Wednesday, August 05, 2009

Ghost Riders Heavens on Fire #1 – A Review


Ghost Rider Heaven’s On Fire #1 (of 6)

Publisher Marvel Comics

Writer Jason Aaron

Art Roland Boschi

Colors Dan Brown

Jason Aaron does the best Ghost Rider that has ever been done. Now I have not read every version of Ghost Rider over the years, but the fact that Ghost Rider is a character that a lot of people even mention or care about at all anymore is due to Jason Aaron. This is his final arc on the character and most likely my swan song on reading the character also. To do it up right Marvel cancelled the Ghost Rider series and re-launched it after a couple month hiatus as a mini-series. To give Marvel and Aaron credit I believe you could jump into the story easily at this point and just continue on for the ride. Both art and story made this a solid read.

Now before I get into some of the particulars of the story let me get into the thing that make me just go ballistic from Marvel and takes away from my enjoyment of the project and that is the $4 price tag for 22 pages of story and art. Oh they added a lame a** reprint of Ghost Rider #1, but not even the full issue, just 9 pages of it as they are stretching the reprint over a few issues. I guess they can tell us it was more bang for the buck, but at least DC gave me a 10 page co-feature like Metal Men for their new launch and not this crap. Over the course of six issues that is $6 extra dollars for crap and it does not make me happy. Another little irritation is the title of the comic. Heaven’s on Fire is the title; I have seen it solicited as Heavens Fire. The possessive use with On Fire annoys me and I’m so far from being a grammarian as not to be believed, so if it is annoying me what are you doing to the grammarians that are out there.

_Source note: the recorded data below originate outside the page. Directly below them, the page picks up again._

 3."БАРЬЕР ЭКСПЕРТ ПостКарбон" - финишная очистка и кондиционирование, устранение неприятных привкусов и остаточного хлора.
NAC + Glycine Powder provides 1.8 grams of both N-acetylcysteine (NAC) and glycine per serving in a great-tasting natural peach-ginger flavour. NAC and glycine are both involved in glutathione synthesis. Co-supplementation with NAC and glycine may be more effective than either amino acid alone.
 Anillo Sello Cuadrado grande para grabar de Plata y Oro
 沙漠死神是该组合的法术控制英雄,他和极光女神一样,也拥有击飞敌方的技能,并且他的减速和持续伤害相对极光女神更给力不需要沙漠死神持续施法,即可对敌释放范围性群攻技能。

This story starts with the Son of Satan, drawn so differently as to be a little off putting, finding out that a possible anti-Christ is on the loose from a monastery that was trying to breed one. If he is not found and protected Zadkiel could win the war to become all powerful (and create a rock he can’t lift, old joke about God). Next we find Sara and Johnny Blaze getting into a fight as they are trying to find a way into heaven to go after Zadkiel. We get a great fight scene and Johnny and Sara go looking for the Anti-Christ also, they wind up in Garth Ennis’ Avatar book about Wormwood. Not really, but it would be funny. I got a laugh out of them checking Vegas and Washington DC before going to Wall Street. We then find the Anti-Christ with the worse cover identity ever as an investment banker with the last name of Satan. He is being pursued by some of Zadkeil’s boys. Satan Jr. is saved by some heretofore unknown hot occult terrorist named Janie Cutter for a brief second, then the bad guys have both of them cornered. Finally we cut to find a group of bad guys working for Zadkiel being pulled together to take out Johnny Blaze. All set up to put most of the players in place and to get the story started as we play out the final arc. It has some great humor and builds up everything to make you want to come back for more. It is tying in almost all of the prior arcs to give the story a sense of closure.

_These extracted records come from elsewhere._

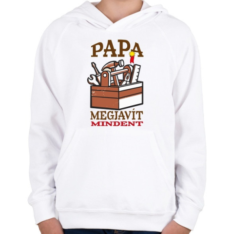 1 kép PRINTFASHION Papa megjavít mindent - Gyerek kapucnis pulóver - Fehér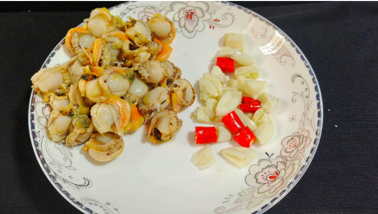 Bước 3: Thịt sò điệp đông lạnh bạn xả nước cho rã đông hoàn toàn. Sau đó rửa sạch rồi cho vào nồi nước lạnh, thêm chút rượu nấu ăn, đun sôi, chần trên lửa lớn trong 1 phút, vớt ra và để ráo nước. Tiếp theo bạn đập dập và băm nhỏ tỏi. Ớt xắt miếng nhỏ để tăng hương vị và phối màu cho món ăn.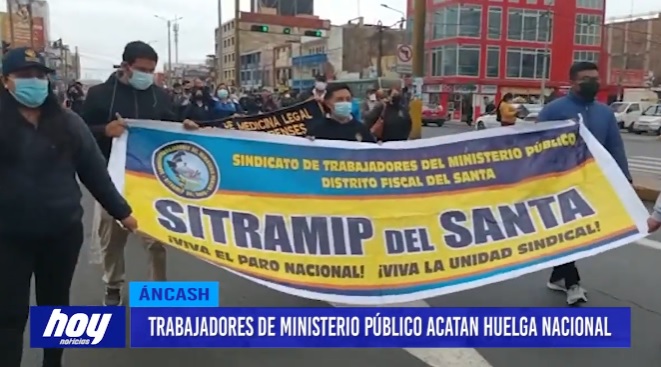 Trabajadores administrativos del Ministerio Público de Chimbote, región Áncash, acatan una huelga realizada a nivel nacional. Entre los petitorios se encuentran una mejor y más justa remuneración sin discriminación ni diferenciación por regímenes laborales, que se aplique el tercer tramo de la escala remunerativa, mejor presupuesto para el 2023 y la unificación del régimen laboral en el Poder Judicial y Ministerio Público.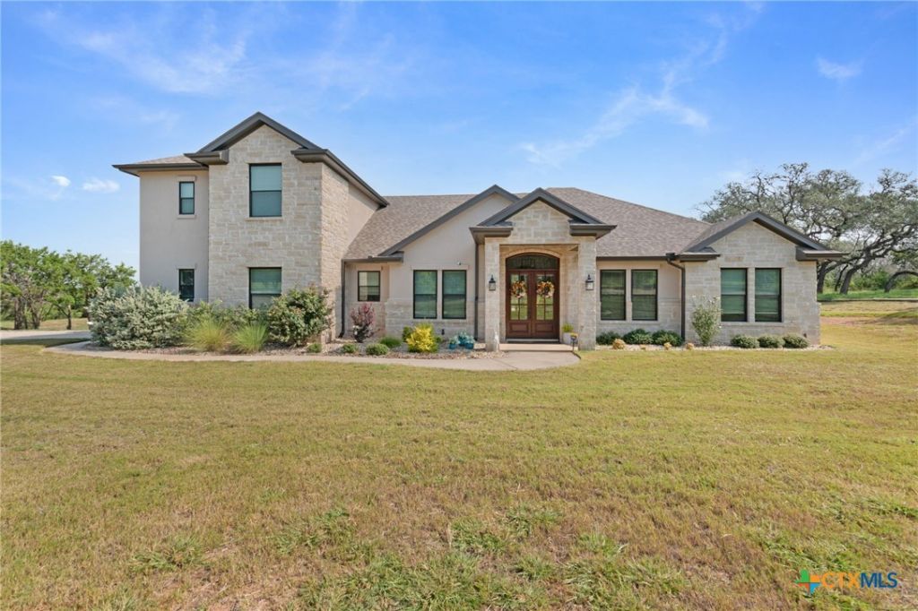 Welcome to one of the most breathtaking Hill Country view properties in 7 Creeks Ranch. This exceptional four-bedroom, three-and-a-half-bath luxury residence offers over 3,100 square feet of thoughtfully designed living space, set on 6 wildlife-exempt acres that perfectly balance privacy, panoramic scenery, and community living. Built with quality craftsmanship and enduring value, this well-appointed home showcases refined details throughout. Solid oak built-in cabinetry enhances both the living room and downstairs office, reflecting timeless elegance and functionality. The spacious kitchen is designed for both everyday living and entertaining, featuring black stainless steel appliances, generous slow close cabinet and drawer storage, and a seamless flow into the main living areas. The primary suite is a private sanctuary, offering comfort and tranquility, while three additional bedrooms and two and a half bathrooms provide flexible space for family, guests, or a home office setup. Step outside and experience the true beauty of Hill Country living. Enjoy sweeping countryside views, mature hardwood trees, and a stocked private pond that adds both charm and recreation. The covered back patio, complete with built-in speakers, is perfect for morning coffee, sunset gatherings, or relaxing evenings under the stars. A custom-designed swimming pool elevates the outdoor experience and creates an ideal space for relaxing or entertaining. Additional features include a 30' x 40' barn, an insulated pump house, and the benefits of a wildlife tax exemption. Located within the welcoming, gated 7 Creeks Ranch community, residents enjoy friendly neighbors, a boutique winery just outside the gates, and unforgettable night skies filled with stars. More than a home, this is a refined Hill Country lifestyle?where luxury, nature, and comfort come together. Welcome home.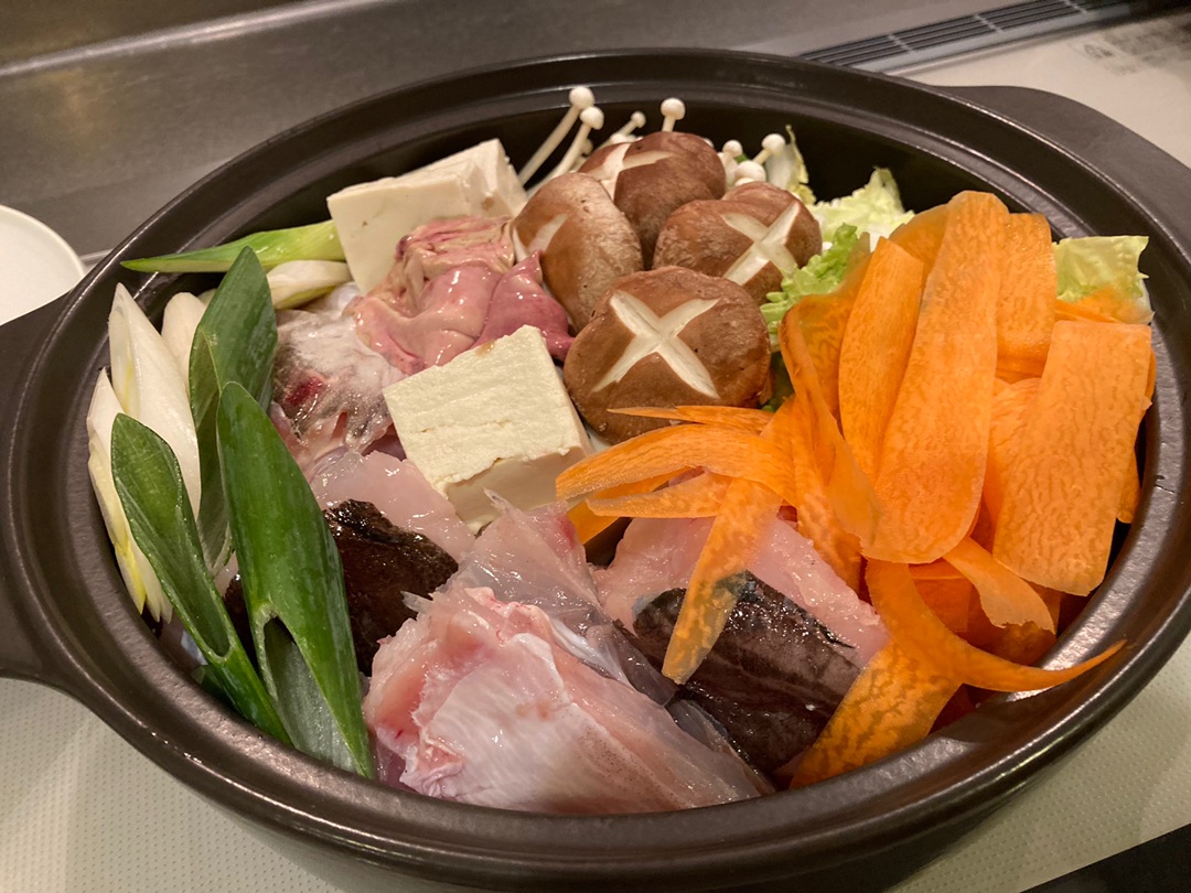 中身がアラだけだったので、後から追加で鶏肉も用意していたのですが

The art is excellent and fits the book perfectly. First off we have a great Jae Lee cover, that while it depicts both Ghost Riders and Danny did not make it into the book yet, who cares. If a cover should sell a book, this one does it. The interior is by Roland Boschi. Now while I was not happy with his version of the Son of Satan, I love his layouts, light line work and at times almost a scratchy type of style that is full of kinetic energy. The fight scenes, the camera angles, the page design is all first rate and he really fits Jason’s Ghost Rider like a glove.

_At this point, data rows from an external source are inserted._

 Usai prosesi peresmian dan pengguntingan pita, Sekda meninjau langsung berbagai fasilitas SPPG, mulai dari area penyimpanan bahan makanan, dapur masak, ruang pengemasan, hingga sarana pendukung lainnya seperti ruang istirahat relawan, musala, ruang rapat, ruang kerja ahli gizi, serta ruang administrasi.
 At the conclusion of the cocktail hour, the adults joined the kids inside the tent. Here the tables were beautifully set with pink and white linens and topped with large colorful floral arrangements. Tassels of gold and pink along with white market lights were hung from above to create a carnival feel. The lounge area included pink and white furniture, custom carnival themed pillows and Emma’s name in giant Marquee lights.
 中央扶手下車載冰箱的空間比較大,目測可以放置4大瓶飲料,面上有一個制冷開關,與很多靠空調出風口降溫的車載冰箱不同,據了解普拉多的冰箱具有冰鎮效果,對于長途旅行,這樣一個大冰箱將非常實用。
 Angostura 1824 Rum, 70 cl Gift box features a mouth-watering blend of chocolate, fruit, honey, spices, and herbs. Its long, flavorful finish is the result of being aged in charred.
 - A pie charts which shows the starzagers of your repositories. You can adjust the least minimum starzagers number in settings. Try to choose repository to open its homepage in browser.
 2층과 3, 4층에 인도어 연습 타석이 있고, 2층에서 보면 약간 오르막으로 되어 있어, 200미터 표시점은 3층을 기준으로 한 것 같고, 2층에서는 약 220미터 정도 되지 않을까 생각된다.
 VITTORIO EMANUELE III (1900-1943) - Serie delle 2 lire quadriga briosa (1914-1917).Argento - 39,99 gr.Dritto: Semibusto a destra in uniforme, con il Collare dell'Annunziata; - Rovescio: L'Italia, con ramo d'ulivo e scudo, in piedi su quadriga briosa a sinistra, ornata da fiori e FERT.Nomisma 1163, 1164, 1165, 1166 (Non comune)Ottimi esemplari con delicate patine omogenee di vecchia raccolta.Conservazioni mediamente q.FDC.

Overall Grade – B – An excellent start in what should be a great finish to Jason Aaron’s second best book, Scalped is NUMBER ONE. This should be a very good story with strong art; my hesitation to give it the “A” it deserves is the price point. A comic is a culmination of all the parts that make it up, writing, art, coloring, production, cover and price point. Let’s face it at $10 I would not even buy this, at $7 I would have passed, at $4 it gets a “B” at $3 without the reprint it gets an “A”

1 comment:

  1. Which title are you finding objectionable? Heaven's on Fire is fine. Heavens Fire should be Heaven's Fire. Why can't they figure out which one's actually the title, though?